(Data supplied begins)

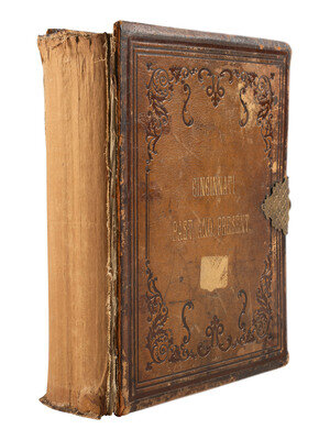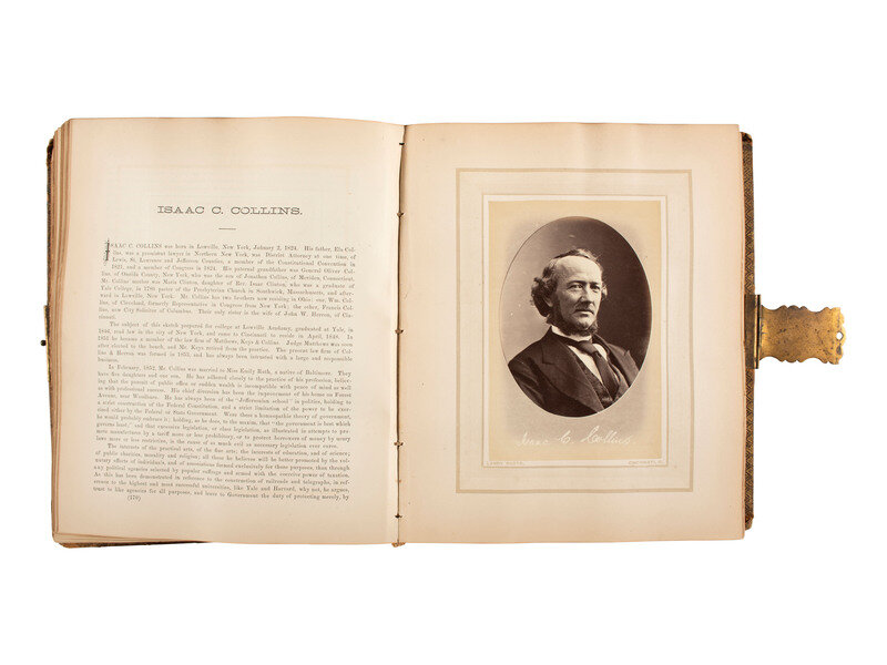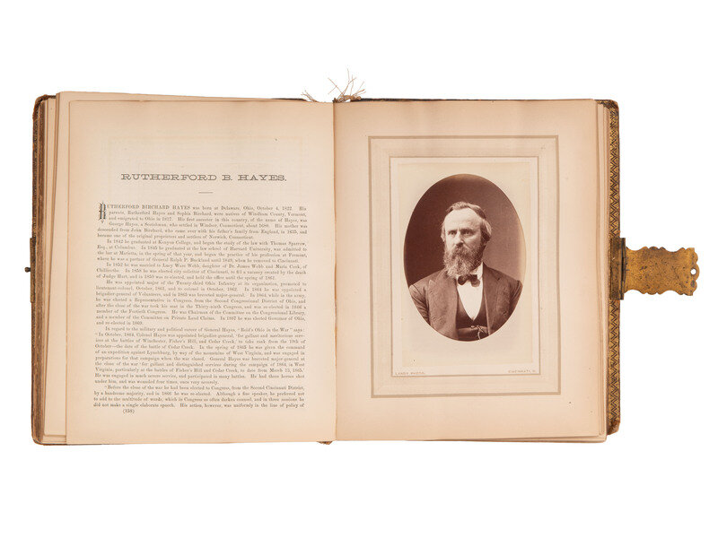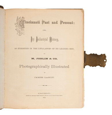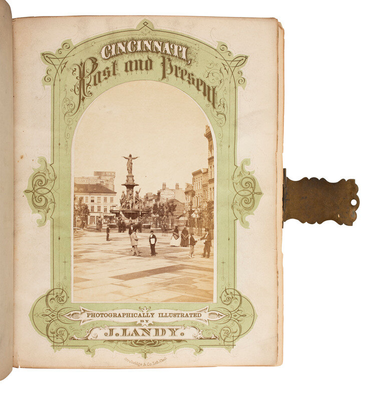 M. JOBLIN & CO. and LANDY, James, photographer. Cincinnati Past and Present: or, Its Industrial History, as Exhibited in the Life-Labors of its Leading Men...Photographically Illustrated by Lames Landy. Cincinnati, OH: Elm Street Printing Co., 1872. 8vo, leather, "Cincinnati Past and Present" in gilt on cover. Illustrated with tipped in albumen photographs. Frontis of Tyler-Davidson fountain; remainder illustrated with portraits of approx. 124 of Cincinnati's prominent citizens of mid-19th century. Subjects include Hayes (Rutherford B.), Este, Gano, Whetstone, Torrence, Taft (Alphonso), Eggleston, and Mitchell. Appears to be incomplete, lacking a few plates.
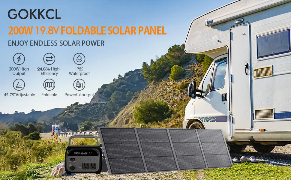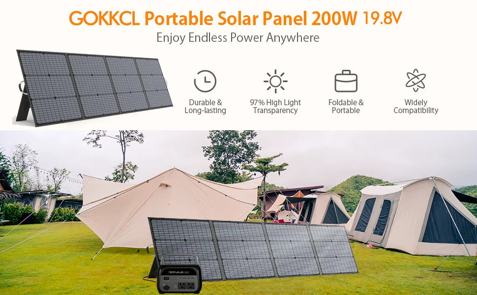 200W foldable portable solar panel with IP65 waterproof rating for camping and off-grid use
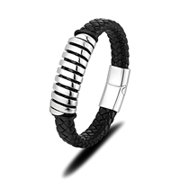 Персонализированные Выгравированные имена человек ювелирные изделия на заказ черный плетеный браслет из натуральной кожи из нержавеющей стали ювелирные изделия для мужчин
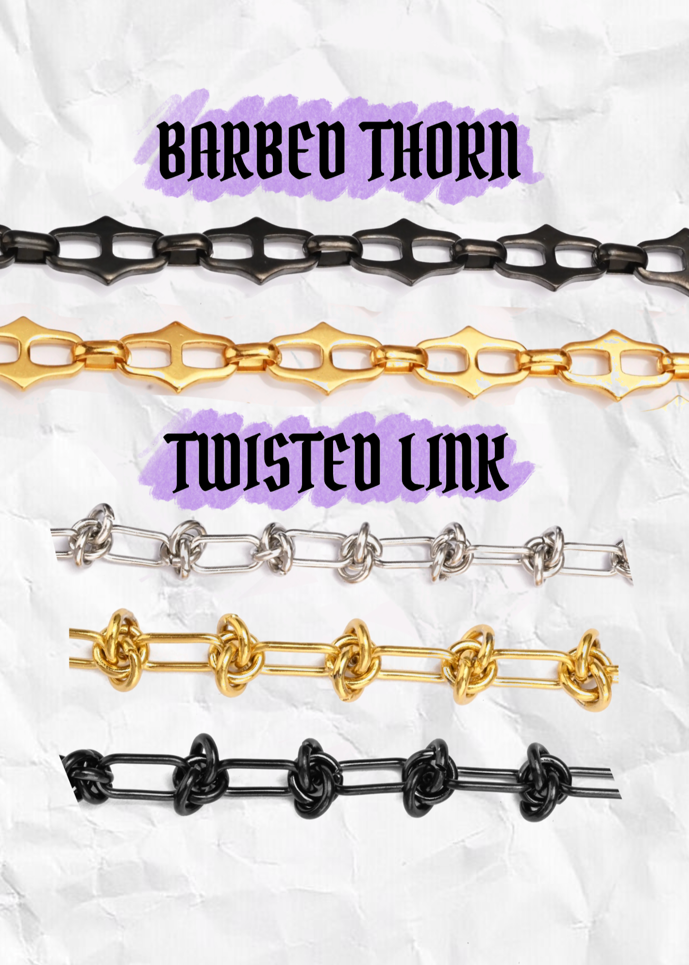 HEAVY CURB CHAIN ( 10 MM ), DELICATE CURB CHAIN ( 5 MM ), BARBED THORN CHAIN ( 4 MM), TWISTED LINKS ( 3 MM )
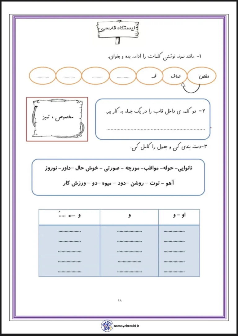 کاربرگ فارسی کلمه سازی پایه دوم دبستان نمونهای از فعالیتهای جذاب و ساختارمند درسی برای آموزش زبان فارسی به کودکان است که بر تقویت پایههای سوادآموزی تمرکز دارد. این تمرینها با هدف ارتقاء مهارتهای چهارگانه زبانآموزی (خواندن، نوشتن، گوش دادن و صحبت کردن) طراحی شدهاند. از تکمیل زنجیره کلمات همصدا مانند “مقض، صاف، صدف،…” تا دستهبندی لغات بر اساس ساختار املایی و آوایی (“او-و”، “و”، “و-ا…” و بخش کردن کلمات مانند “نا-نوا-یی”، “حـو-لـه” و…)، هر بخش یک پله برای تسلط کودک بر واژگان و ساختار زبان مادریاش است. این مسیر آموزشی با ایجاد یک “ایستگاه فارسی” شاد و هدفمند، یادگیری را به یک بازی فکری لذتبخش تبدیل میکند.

(Data supplied ends)

*Work task*. Please print each record above again exactly, but omit any pictures.

*Answer area*.
 M. JOBLIN & CO. and LANDY, James, photographer. Cincinnati Past and Present: or, Its Industrial History, as Exhibited in the Life-Labors of its Leading Men...Photographically Illustrated by Lames Landy. Cincinnati, OH: Elm Street Printing Co., 1872. 8vo, leather, "Cincinnati Past and Present" in gilt on cover. Illustrated with tipped in albumen photographs. Frontis of Tyler-Davidson fountain; remainder illustrated with portraits of approx. 124 of Cincinnati's prominent citizens of mid-19th century. Subjects include Hayes (Rutherford B.), Este, Gano, Whetstone, Torrence, Taft (Alphonso), Eggleston, and Mitchell. Appears to be incomplete, lacking a few plates.
 200W foldable portable solar panel with IP65 waterproof rating for camping and off-grid use
 Персонализированные Выгравированные имена человек ювелирные изделия на заказ черный плетеный браслет из натуральной кожи из нержавеющей стали ювелирные изделия для мужчин
 HEAVY CURB CHAIN ( 10 MM ), DELICATE CURB CHAIN ( 5 MM ), BARBED THORN CHAIN ( 4 MM), TWISTED LINKS ( 3 MM )
 کاربرگ فارسی کلمه سازی پایه دوم دبستان نمونهای از فعالیتهای جذاب و ساختارمند درسی برای آموزش زبان فارسی به کودکان است که بر تقویت پایههای سوادآموزی تمرکز دارد. این تمرینها با هدف ارتقاء مهارتهای چهارگانه زبانآموزی (خواندن، نوشتن، گوش دادن و صحبت کردن) طراحی شدهاند. از تکمیل زنجیره کلمات همصدا مانند “مقض، صاف، صدف،…” تا دستهبندی لغات بر اساس ساختار املایی و آوایی (“او-و”، “و”، “و-ا…” و بخش کردن کلمات مانند “نا-نوا-یی”، “حـو-لـه” و…)، هر بخش یک پله برای تسلط کودک بر واژگان و ساختار زبان مادریاش است. این مسیر آموزشی با ایجاد یک “ایستگاه فارسی” شاد و هدفمند، یادگیری را به یک بازی فکری لذتبخش تبدیل میکند.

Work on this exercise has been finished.